Everything started in Scottish soil and the momentum continues. That fateful evening at Hampden marked merely Luis de la Fuente's second as Spain's manager; many believed it might prove to be his final assignment. Although a pair of Scott McTominay goals defeating the Spanish national team, whereas almost all spectators anticipated his spell would be short-lived, the coach talked about a pathway emerging - and interestingly, the manager previously criticized of being unrealistic turned out correct.
Three years and later, Spain advanced to within touching distance of global football participation, while simultaneously achieving their twenty-ninth consecutive official game unbeaten, equaling the legendary record.
During an evening when the Barcelona midfielder featured and Mikel Merino created the decisive impact, Spain defeated Bulgaria four-nil to accumulate a perfect dozen from 12 in World Cup qualification, nearing advancement. The Gunners' midfielder and sometime forward scored the opening two goals and might have earned his second hat-trick in three Spain appearances but when fouled in the closing minute, he generously handed the spot-kick to Mikel Oyarzabal instead.
Therefore it was the Real Sociedad striker, scorer of the winning goal in the Euro 2024 showpiece, who maintained the remarkable sequence, equaling what Vicente del Bosque's golden generation achieved between 2010 and 2013.
Now, readers may have observed the asterisk, and rightly so. While FIFA might not classify it as a loss, during this remarkable run Spain did lose once – seven-five on penalties to Portugal in the continental tournament final back in June. However officially at least, this present team has matched that historic team against which all Spanish national teams are measured.
Win in Georgia in a month and the achievement will be theirs alone. En route they captured the Nations League in 2023, the European Championships in 2024 and advanced to a Nations League final in 2025; they approach 2026 ranked No. 1, among the favorites once more, reminiscent of previous eras.
The match represented "only" versus Bulgaria, admittedly, similar to previous encounters against Georgia, Bulgaria, and Turkey but that's four wins from four, aggregate score fifteen-zero. There were two instances immediately after the Spanish team scored their first two goals – the third being an self-inflicted – but eventually their rivals had not been permitted a solitary shot on target.
The total count showed: 33-3, Spain clearly playing as Spain. Bulgaria's coach had confessed the sole objective his team could have was to resist as long as possible. Ultimately, that defensive effort lasted 33 minutes, and Merino's header constituted Spain's 18th attempt on target by that point.
This performance was about the entire team, but at the heart of it was Pedri, everywhere and elusive simultaneously: everywhere for Spain, nowhere for Bulgaria, incapable to track him as he flitted through their defense. He completed one hundred and one passes by the time he was withdrawn to a standing ovation on 66 minutes, and his were the moments of utmost subtlety, the most exquisite touches and the most incisive too.
When the José Zorrilla sang his name midway the first half, he had just slipped unnoticed into the area once more, dinking his shot over Svetoslav Vutsov and onto the crossbar, but it was not just that. He had previously lifted a gorgeous pass into Álex Baena to volley wide and delivered an additional pass from which Baena was denied.
An cleverly weighted pass had created opportunity for Samu Aghehowa up for what should have been the first goal, and a precise pass saw Oyarzabal mishit his attempt. He got a opportunity of his own only to fail to find a proper contact, volleying wide.

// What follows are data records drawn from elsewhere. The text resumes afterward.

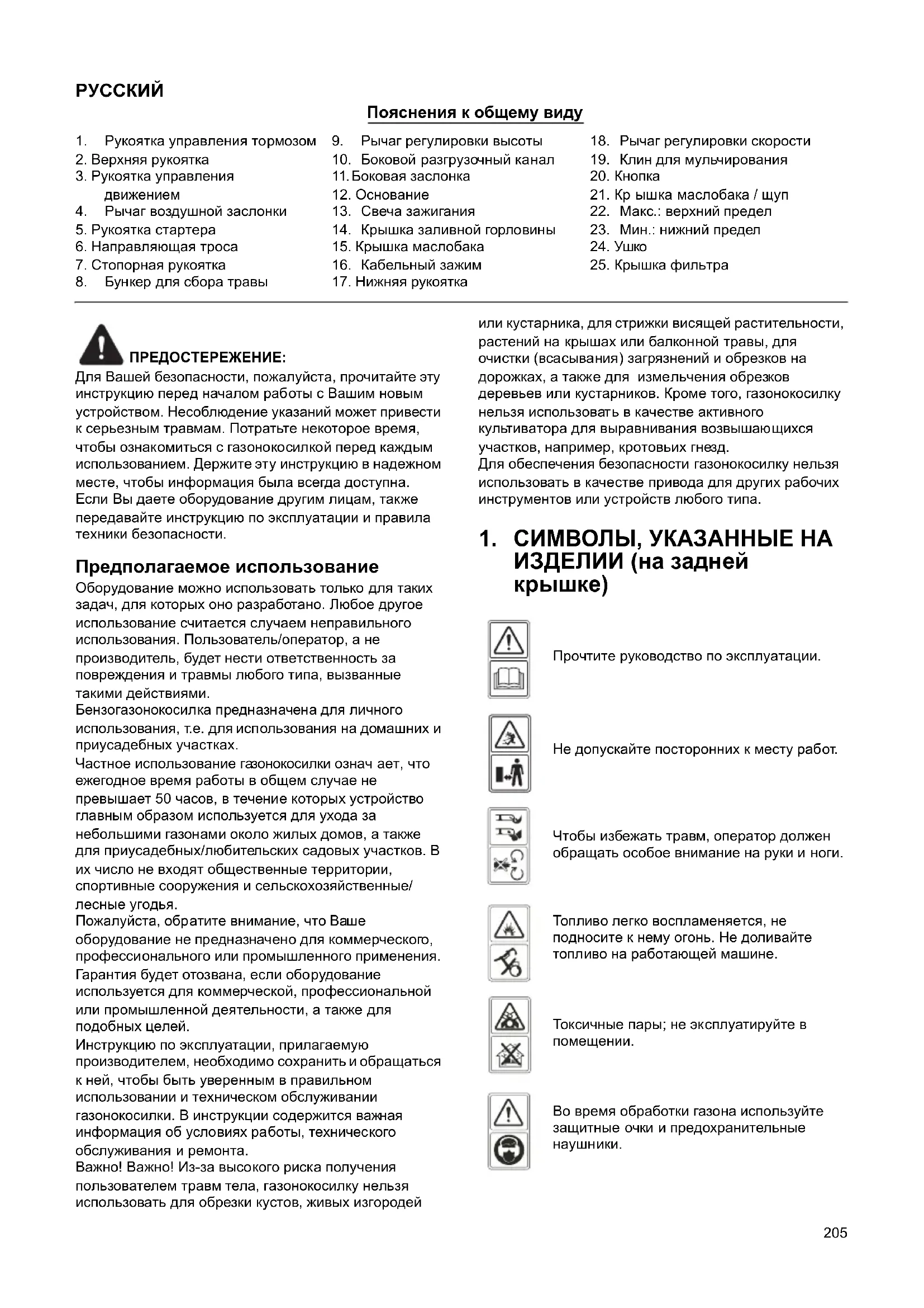 Пояснения к общему виду ПРЕДОСТЕРЕЖЕНИЕ: Для Вашей безопасности, пожалуйста, прочитайте эту инструкцию перед началом работы с Вашим новым устройством. Несоблюдение указаний может привести к серьезным травмам. Потратьте некоторое время, чтобы ознакомиться с газонокосилкой перед каждым использованием. Держите эту инструкцию в надежном месте, чтобы информация была всегда доступна. Если Вы даете оборудование другим лицам, также передавайте инс трукцию по эксп луатации и правила техники безопасности. Предполагаемое использование Оборудование можно использовать только для таких задач, для которых оно разработано. Любое другое использование считается случаем неправильного использования. Пользователь/оператор, а не производитель, будет нести ответственность за повреждения и травмы любого типа, вызванные такими действиями. Бензогазонокосилка предназначена для личного использования, т.е. для использования на домашних и приусадебных участках. Частное использование га зонокосилки означ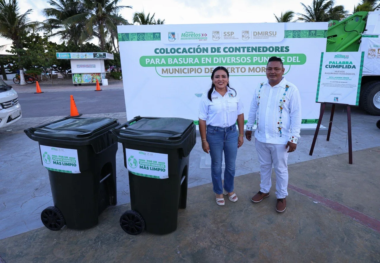 Se trata, explicó la presidenta, de un proyecto que nació con la administración, dentro de las 50 acciones prioritarias y en el marco del Eje 4, Agenda Verde del Plan Municipal de Desarrollo 2024-2027 bajo la Estrategia 11.1 de Gestión de Residuos, para entregar y colocar nuevos basureros ecológicos en todas las colonias de la cabecera municipal, Delegación de Leona Vicario y zona turística, para mantener una imagen limpia de cada rincón de Puerto Morelos.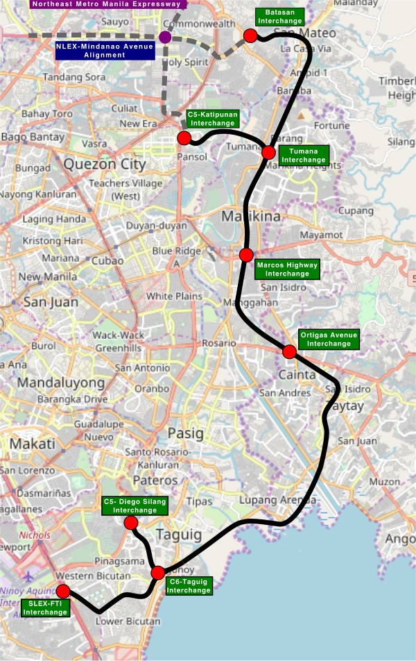 The recent announcement and launch of the Southeast Metro Manila Expressway (SEMME) included this map showing the (very) rough alignment for the proposed tollway. The map also shows the proposed locations of interchanges including one in Tikling and another in Masinag. There is also another in Tumana. From the looks of this, the SEMME will be a skyway or elevated expressway/tollway.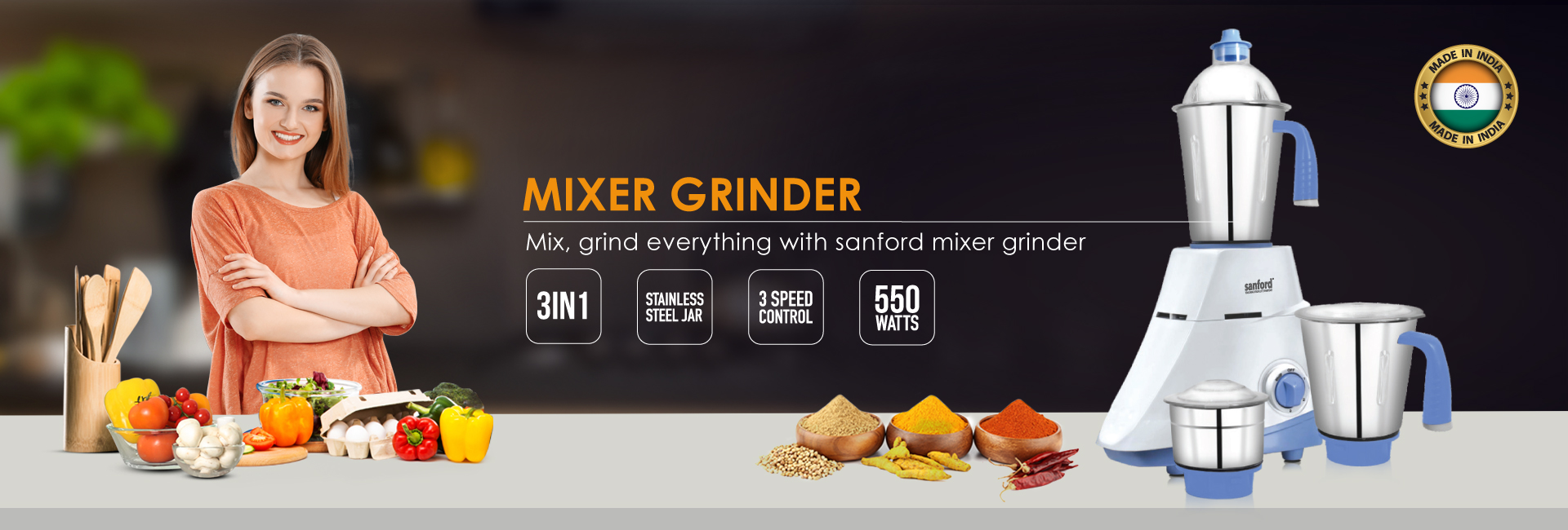 Sanford mixer grinder houses 3 stainless steel jars designed to perfection with superior quality stainless steel body and sparking mirror finish. Its have customized blades for different operations.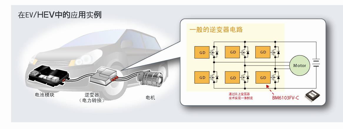 日本知名半導(dǎo)體制造商羅姆株式會(huì)社(總部位于日本京都市)開(kāi)發(fā)出內(nèi)置絕緣元件的柵極驅(qū)動(dòng)器“BM6103FV-C”,最適合作為電動(dòng)汽車(chē)(EV)和混合動(dòng)力車(chē)(HEV)逆變回路中IGBT以及功率MOSFET的驅(qū)動(dòng)元件。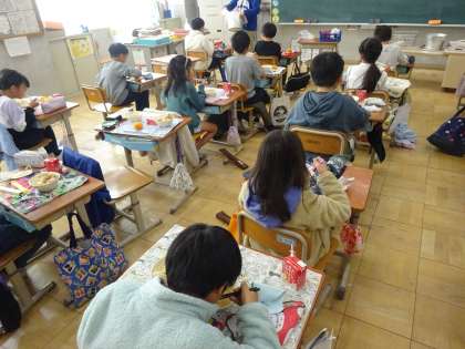 今日はみかんもありました。夏場は冷凍みかんですが、冬場は生のみかんです。和歌山県産の有田みかんでした。「甘くておいしかったです!」と子どもたちは喜んでいました。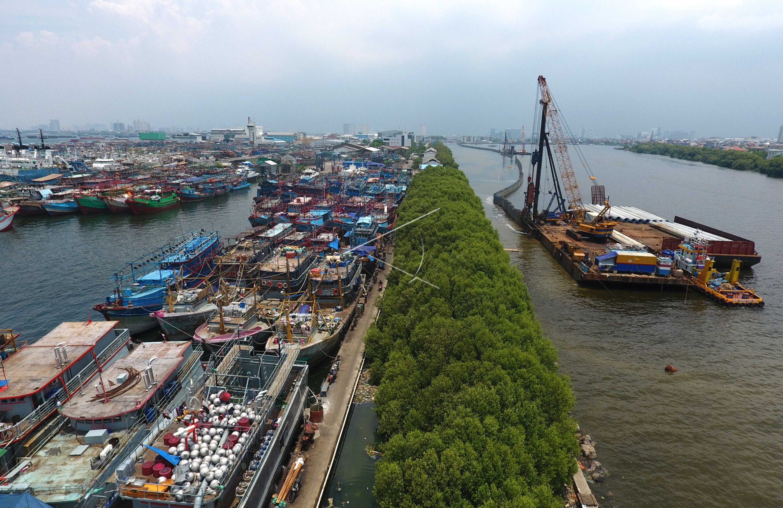 Pekerja menggunakan alat berat menyelesaikan pembangunan tanggul laut di Kawasan Pelabuhan Muara Baru, Jakarta, Senin (9/10/2017). ANTARA FOTO/Wahyu Putro A/dw/pras.

But then, almost immediately after, he delivered another ball in. This time Robin Le Normand nodded across and Merino directed in. Spain, who had eighty-eight percent of the possession, now had the lead. The positioning chart appeared like they had exhausted supply of spray paint midway through and a moment later Aghehowa could have made it two-nil.
But then in part it's the uncertainty, even the unfairness, that makes football great. And the first time Bulgaria got into Spain's half they could have leveled the score, Kiril Despodov suddenly breaking away and hitting the side-netting.

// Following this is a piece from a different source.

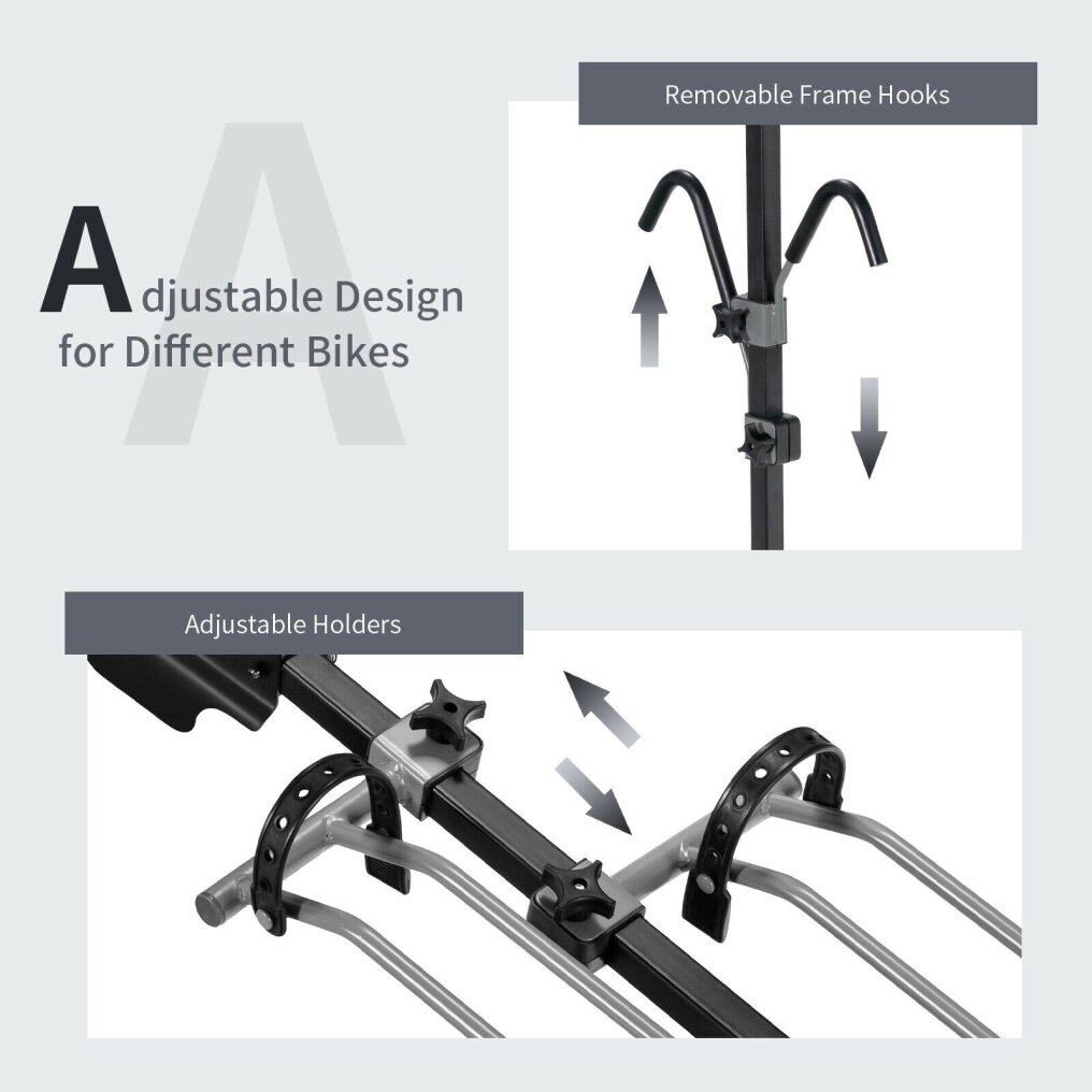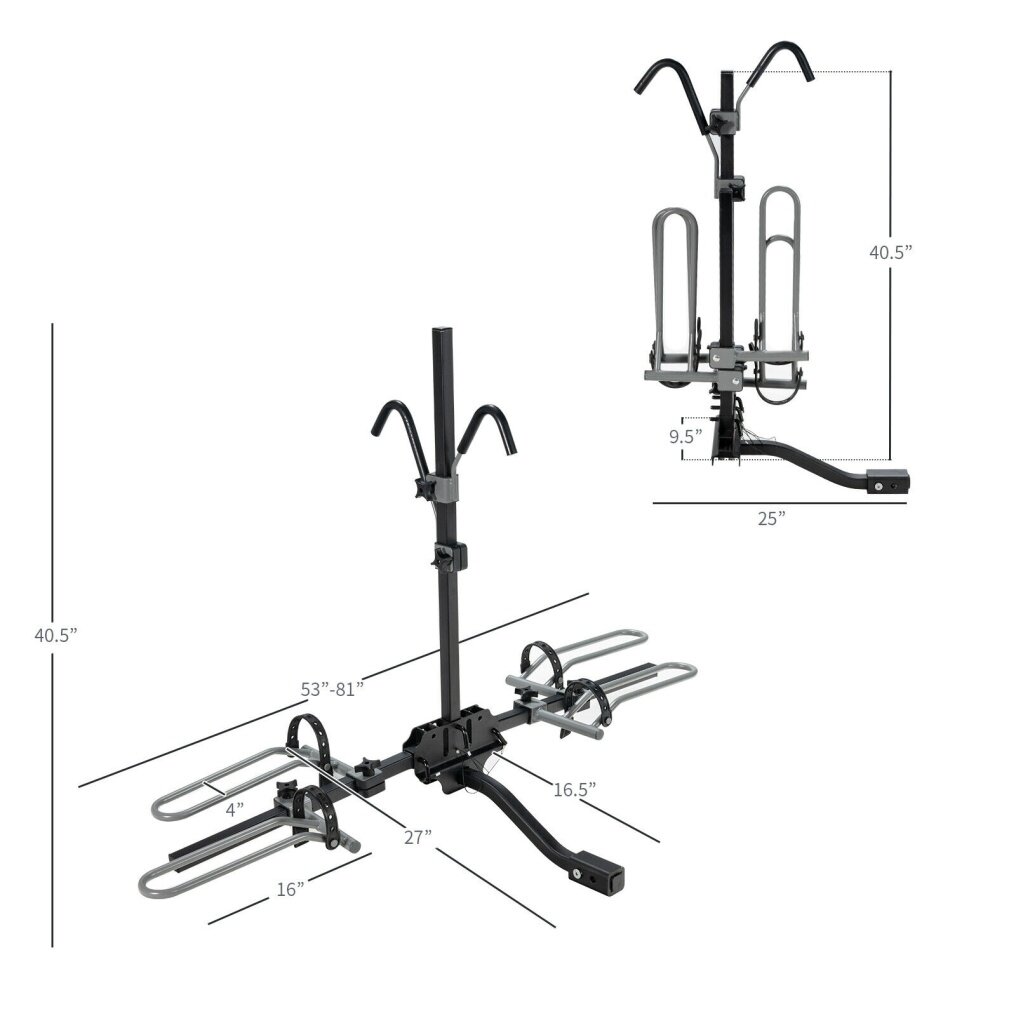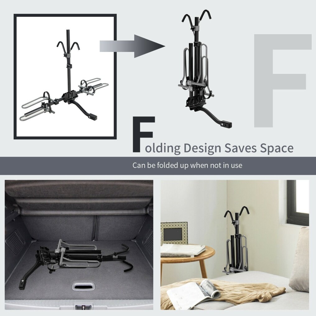 You can also adjust the bike wheels holder from 42" to 81", as well as the height of the hooks depending on your bikes to achieve better fixation. Its hooks are foam-padded, keeping your bikes from scratches. Thus, it can hold bikes of different sizes. Solid steel frame ensures high durability and stability, and its weight capacity is up to 132 lbs, which meets your daily requirements. In addition, by removing the safety pins, you can fold it into compact size for convenient storage. It's also easy to assemble. Compatible with 1-1/4" and 2" hitch receiver, it is suitable for cars, trucks, SUV's and minivans.

Introduced for Aghehowa at the break, Borja Iglesias had three opportunities in as many minutes before Merino scored again. The delivery from the left was superb from Álex Grimaldo and there, leaping above all defenders, was Merino to power the header down and dash off to do laps around the corner flag.
Similar to their reaction after the opener, Bulgaria survived once more, Despodov played through and putting his and their second shot wide and nevertheless the initial instance the visitors had a shot on target it was at the incorrect goal, Atanas Chernev deflecting into his team's goal. Yet it was not completely done, Merino kicked in the legs and allowing to let Oyarzabal blast in the 99th goal of De la Fuente's ongoing reign.